--- Material supplied Enclosed Below ---
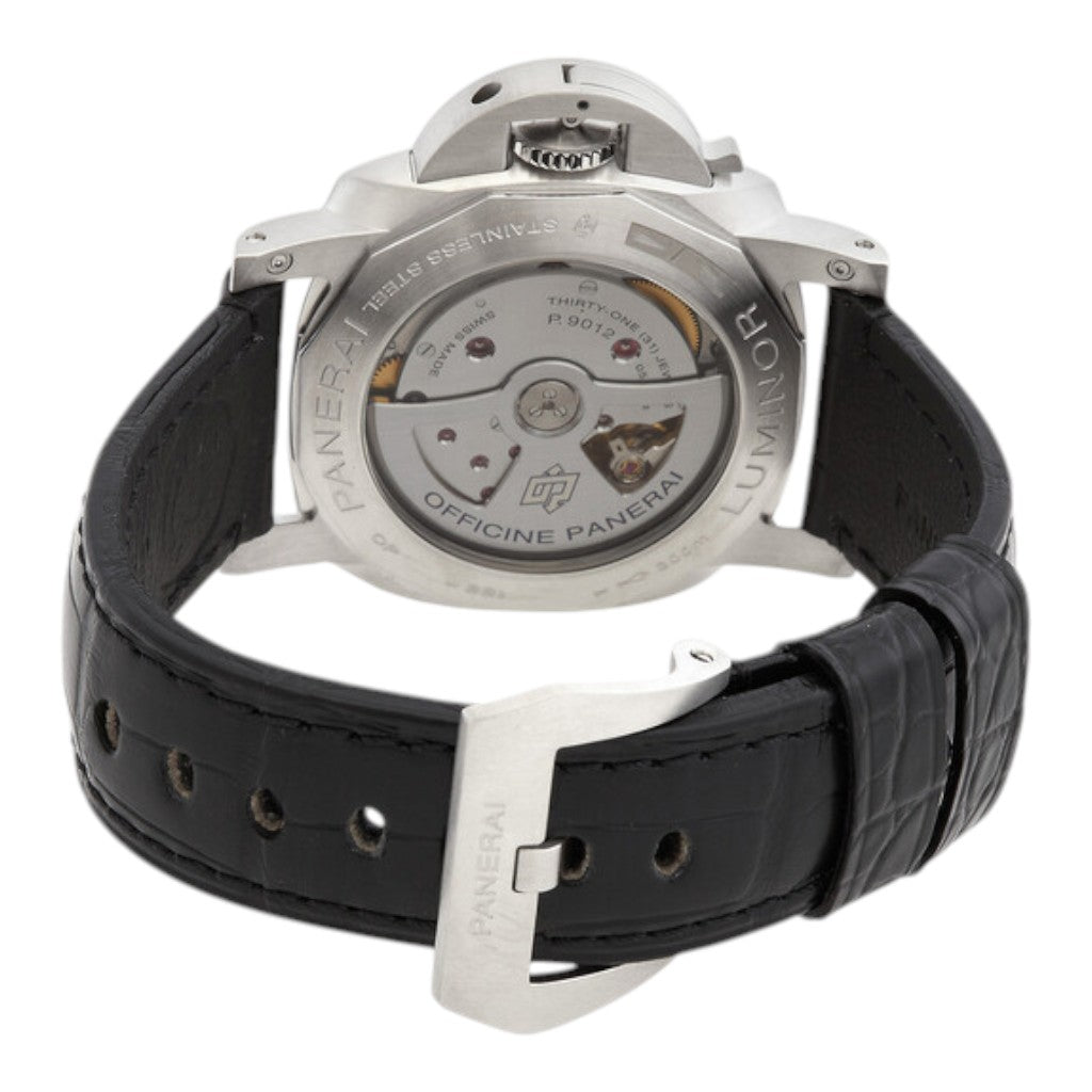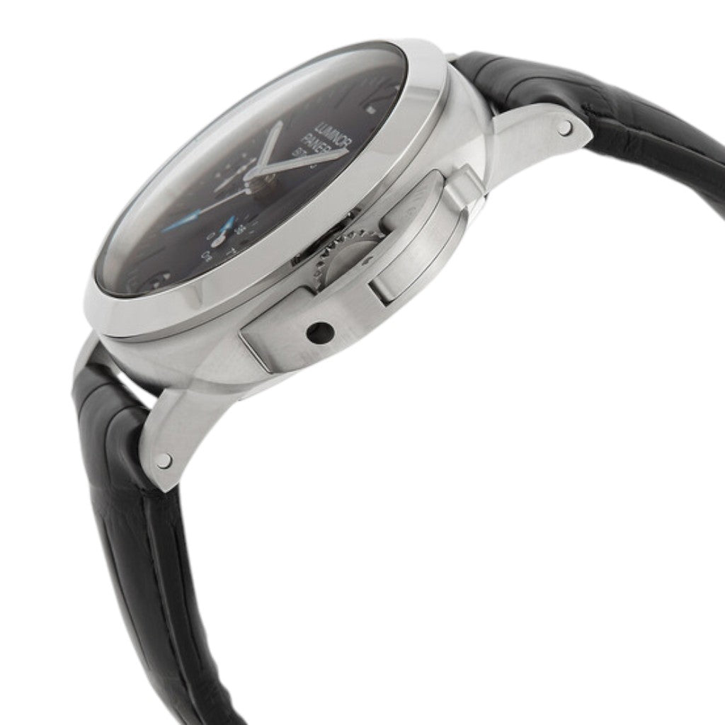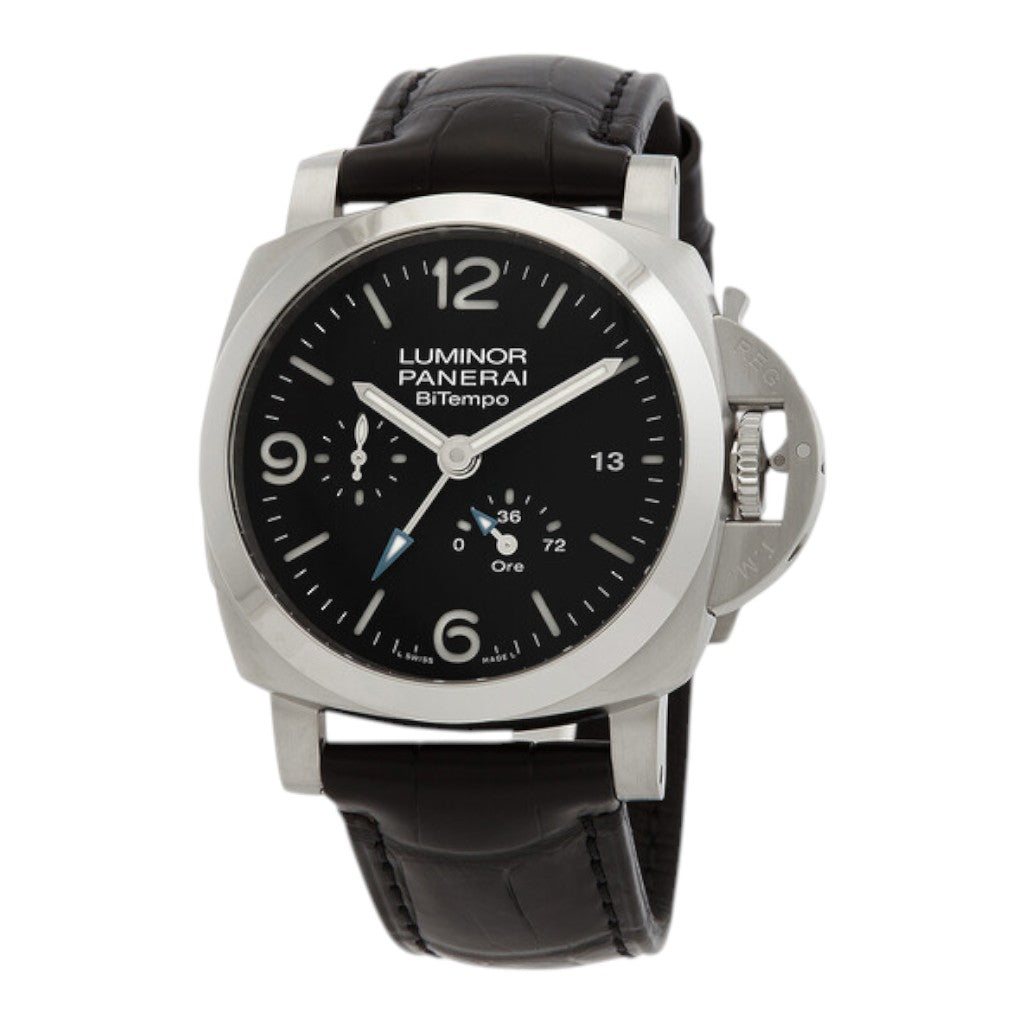 Housed in a 44 mm stainless steel case, the Luminor BiTempo delivers a bold wrist presence while maintaining the classic proportions that define the Luminor family. The iconic crown-protecting bridge reinforces the robust character of the case and enhances water resistance, a hallmark of Panerai’s functional heritage. The clean lines and brushed finish of the case exude understated strength, suitable for both everyday wear and travel.
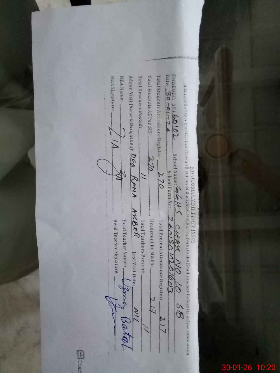 | Monitoring Date: 30-01-2026 | Start Time: 30-01-2026 09:52 AM | End Time: 30-01-2026 10:20 AM | Name of MEA: ZI**** ULHA**** | |
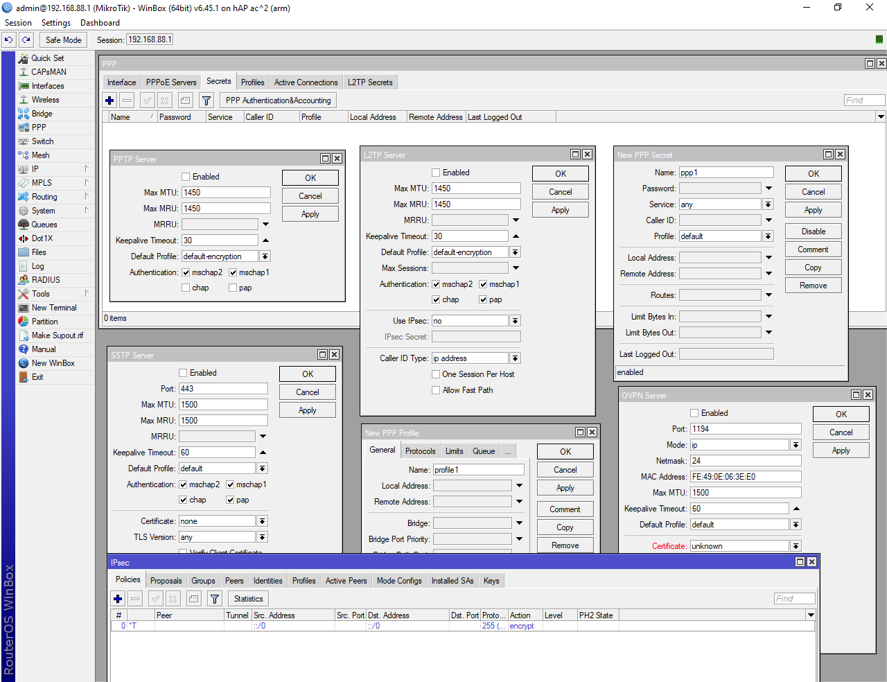 Роутер может выступать и в роли сервера VPN с поддержкой распространенных протоколов, включая PPTP, L2TP, OpenVPN, SSTP, а также IPSec.
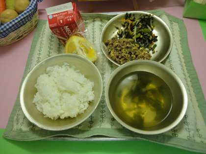 ビビンバは,常に好きな給食ランキングの上位に入る人気メニューです。今日も,ごはんののこりがほとんどなく空っぽの食缶が返ってきました。あまなつみかんは,春においしい果物。ほのかな苦みとあまずっぱさがおいしいですね。
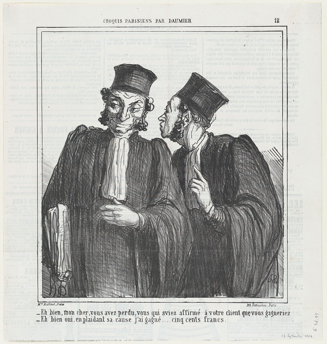 - Title: Well my friend, it seems you have lost..., from 'Parisian sketches,' published in Le Charivari, September 14, 1864
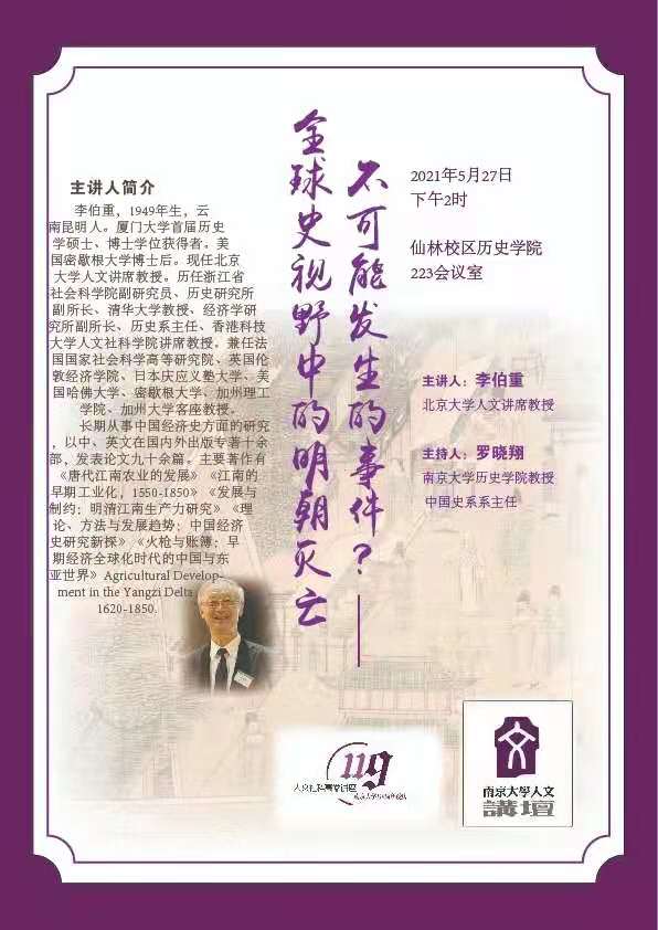 讲座预告| 李伯重:不可能发生的事件?——全球史视野中的明朝灭亡
--- End of Enclosed Material supplied ---
> _What the task requires_: With the pictures removed, the entries above should be transcribed exactly.

> _Task output_:
 Housed in a 44 mm stainless steel case, the Luminor BiTempo delivers a bold wrist presence while maintaining the classic proportions that define the Luminor family. The iconic crown-protecting bridge reinforces the robust character of the case and enhances water resistance, a hallmark of Panerai’s functional heritage. The clean lines and brushed finish of the case exude understated strength, suitable for both everyday wear and travel.
 | Monitoring Date: 30-01-2026 | Start Time: 30-01-2026 09:52 AM | End Time: 30-01-2026 10:20 AM | Name of MEA: ZI**** ULHA**** | |
 Роутер может выступать и в роли сервера VPN с поддержкой распространенных протоколов, включая PPTP, L2TP, OpenVPN, SSTP, а также IPSec.
 ビビンバは,常に好きな給食ランキングの上位に入る人気メニューです。今日も,ごはんののこりがほとんどなく空っぽの食缶が返ってきました。あまなつみかんは,春においしい果物。ほのかな苦みとあまずっぱさがおいしいですね。
 - Title: Well my friend, it seems you have lost..., from 'Parisian sketches,' published in Le Charivari, September 14, 1864
 讲座预告| 李伯重:不可能发生的事件?——全球史视野中的明朝灭亡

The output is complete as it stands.